Among all of the bracket configurations, assumptions and criticisms -- Selection Sunday treated the basketball world to one of the more ear-perking matchups with #8 USC taking on geographically distant opponent #9 Providence in the NCAA tournament's opening round.
For the Trojans, being one of the major programs in all of NCAA Division I athletics, hasn't necessarily translated into success when it comes to men's basketball.
Since its inception in 1906, USC men's basketball has made 15 (officially) NCAA tournament appearances with the Final Four being the furthest round the school has ever reached. Heading into this season, not much was expected from this Trojan team, as under coach Andy Enfield's tutelage over the prior two season, the Trojans had gone a collective 23-41 while going 5-31 in the Pac-12 play finishing last in both seasons.
In just one season, the Trojans have been reborn as they finished their year 21-12. That is the most wins they've had since the 2008-2009 season, and have more conference wins, 9-9, than they did collectively the past two seasons.
The biggest reason for the team's success this year has been the effectiveness on offense. Of the 346 schools eligible in NCAA Division I men's basketball, USC ranks 20th in points per game with 80.8 and 26th in three-point percentage at 38.5 percent.

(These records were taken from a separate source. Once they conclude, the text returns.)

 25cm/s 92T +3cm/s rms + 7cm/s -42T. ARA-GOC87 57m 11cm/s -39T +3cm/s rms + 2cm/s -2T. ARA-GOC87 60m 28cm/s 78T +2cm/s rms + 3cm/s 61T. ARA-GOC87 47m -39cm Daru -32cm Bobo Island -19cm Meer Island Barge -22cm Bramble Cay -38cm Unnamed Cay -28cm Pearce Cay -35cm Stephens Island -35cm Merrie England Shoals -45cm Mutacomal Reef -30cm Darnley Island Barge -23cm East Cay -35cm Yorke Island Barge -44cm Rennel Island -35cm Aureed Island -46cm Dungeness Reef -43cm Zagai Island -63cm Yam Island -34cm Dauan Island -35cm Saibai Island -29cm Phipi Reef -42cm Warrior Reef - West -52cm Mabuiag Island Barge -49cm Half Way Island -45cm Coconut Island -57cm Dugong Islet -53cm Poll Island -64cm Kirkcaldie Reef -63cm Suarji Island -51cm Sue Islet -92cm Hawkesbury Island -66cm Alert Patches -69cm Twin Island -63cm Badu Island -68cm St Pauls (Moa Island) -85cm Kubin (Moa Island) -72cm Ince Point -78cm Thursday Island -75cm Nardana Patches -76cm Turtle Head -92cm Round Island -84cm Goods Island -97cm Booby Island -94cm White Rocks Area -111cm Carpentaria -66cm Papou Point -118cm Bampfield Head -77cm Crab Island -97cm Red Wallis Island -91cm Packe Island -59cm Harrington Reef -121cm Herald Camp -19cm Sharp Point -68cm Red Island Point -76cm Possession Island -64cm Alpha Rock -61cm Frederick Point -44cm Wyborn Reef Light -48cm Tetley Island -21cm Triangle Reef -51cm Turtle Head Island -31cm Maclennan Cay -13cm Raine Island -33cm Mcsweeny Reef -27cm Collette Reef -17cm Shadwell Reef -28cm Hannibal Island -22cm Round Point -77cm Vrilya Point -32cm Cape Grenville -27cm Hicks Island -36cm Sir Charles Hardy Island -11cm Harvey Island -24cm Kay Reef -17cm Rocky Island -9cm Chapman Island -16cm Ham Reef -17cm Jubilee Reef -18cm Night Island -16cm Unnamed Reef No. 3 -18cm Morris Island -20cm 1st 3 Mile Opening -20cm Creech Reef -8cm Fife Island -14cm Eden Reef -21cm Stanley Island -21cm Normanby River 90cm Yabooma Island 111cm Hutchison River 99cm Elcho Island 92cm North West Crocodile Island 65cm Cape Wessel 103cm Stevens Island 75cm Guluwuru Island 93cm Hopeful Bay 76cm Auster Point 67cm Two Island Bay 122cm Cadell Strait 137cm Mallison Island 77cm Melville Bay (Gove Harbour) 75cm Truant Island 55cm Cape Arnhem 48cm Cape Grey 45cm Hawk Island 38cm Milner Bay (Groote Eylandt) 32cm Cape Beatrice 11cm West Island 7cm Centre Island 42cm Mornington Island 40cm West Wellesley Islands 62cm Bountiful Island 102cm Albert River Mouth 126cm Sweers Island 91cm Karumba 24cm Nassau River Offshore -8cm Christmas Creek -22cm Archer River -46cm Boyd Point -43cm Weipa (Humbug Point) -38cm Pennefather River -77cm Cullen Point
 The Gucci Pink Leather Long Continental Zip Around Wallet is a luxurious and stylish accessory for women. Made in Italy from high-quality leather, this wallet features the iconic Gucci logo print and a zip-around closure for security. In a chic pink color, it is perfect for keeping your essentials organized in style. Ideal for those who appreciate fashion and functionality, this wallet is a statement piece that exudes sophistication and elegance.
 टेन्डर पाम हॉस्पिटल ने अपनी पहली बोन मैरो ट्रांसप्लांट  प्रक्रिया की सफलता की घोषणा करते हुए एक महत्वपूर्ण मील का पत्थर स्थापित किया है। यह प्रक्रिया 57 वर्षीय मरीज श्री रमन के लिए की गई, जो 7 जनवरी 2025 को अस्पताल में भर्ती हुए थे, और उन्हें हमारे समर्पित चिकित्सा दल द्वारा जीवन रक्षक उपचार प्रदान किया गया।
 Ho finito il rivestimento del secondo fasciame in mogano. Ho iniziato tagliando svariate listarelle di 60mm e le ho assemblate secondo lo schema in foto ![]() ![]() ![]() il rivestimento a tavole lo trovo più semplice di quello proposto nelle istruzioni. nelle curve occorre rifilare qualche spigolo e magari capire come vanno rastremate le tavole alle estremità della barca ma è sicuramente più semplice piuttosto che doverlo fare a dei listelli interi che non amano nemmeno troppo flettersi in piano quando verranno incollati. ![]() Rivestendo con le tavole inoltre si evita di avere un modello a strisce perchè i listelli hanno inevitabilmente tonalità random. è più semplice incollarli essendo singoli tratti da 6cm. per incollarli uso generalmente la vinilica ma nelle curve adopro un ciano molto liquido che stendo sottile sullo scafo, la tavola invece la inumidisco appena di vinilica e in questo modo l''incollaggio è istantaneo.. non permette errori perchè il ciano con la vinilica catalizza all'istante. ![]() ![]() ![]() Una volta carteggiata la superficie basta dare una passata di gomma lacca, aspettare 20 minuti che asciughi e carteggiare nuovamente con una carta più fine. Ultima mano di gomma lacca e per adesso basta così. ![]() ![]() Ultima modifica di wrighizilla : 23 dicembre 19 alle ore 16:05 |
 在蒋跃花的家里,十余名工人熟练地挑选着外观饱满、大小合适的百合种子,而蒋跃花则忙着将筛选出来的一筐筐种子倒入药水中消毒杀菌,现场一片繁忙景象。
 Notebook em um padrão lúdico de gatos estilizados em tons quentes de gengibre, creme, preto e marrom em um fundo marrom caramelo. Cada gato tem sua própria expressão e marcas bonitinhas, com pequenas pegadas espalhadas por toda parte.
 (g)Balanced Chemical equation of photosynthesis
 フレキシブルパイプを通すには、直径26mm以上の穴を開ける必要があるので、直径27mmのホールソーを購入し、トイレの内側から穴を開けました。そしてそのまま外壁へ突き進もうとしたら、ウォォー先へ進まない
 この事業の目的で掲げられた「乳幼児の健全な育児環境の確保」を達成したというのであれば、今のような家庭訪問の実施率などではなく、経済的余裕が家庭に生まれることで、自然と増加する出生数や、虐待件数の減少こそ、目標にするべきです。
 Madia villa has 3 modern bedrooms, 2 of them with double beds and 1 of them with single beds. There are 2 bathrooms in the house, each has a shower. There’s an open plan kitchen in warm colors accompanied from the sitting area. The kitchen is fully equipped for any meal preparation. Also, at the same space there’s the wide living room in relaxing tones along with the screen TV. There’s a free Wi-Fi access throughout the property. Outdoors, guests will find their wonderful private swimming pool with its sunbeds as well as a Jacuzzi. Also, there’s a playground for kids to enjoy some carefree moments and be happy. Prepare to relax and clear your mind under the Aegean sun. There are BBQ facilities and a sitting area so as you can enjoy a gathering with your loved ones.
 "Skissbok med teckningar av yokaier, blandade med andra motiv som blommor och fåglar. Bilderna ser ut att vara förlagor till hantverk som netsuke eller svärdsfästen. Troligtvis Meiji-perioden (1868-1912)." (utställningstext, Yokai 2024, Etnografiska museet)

With the team playing as well as they have, the Trojans have failed to show they can win consistently against elite competition. Their biggest victory of the season came in early January against then seventh-ranked Arizona in a quadruple overtime barnburnerâ the same Wildcats that were defeated by the Providence Friars two months prior.
Under the guidance of fifth year head coach Ed Cooley, the Friars' path to their third consecutive trip to the NCAA tournament was been filled with plenty of upsets along the way.
With victories over top-ten schools Villanova, Butler and Xavier at the time, the Friars have done more than enough to position themselves in the tournament. Alas, this success didn't happen on accident. It is attributed to one of the best players in college basketball, 6'4", 220lbs. junior point guard Kris Dunn. Already a projected lottery pick, Dunn has fought back injuries over the course of his collegiate career to produce a stellar season where he boasts 16 points per game, 6.4 assists and 5.5 rebounds.
Alongside Dunn is his running mate and offensive dynamo sophomore forward Ben Bentil. The 6'9" forward is in the top-20 scoring leaders with an average of 21.2 ppg. With a prominent duo in Dunn and Bentil, the Trojans will certainly have their hands full Thursday night in Raleigh.
In a battle where the Trojans will attempt to control their game with an overwhelming offensive attack, the Friars' stars will attempt to take over the game with their superior and NBA-ready talent. Regardless of the outcome, expect a lot of fast-paced offense in this one and a potential Cinderella-run from the victor.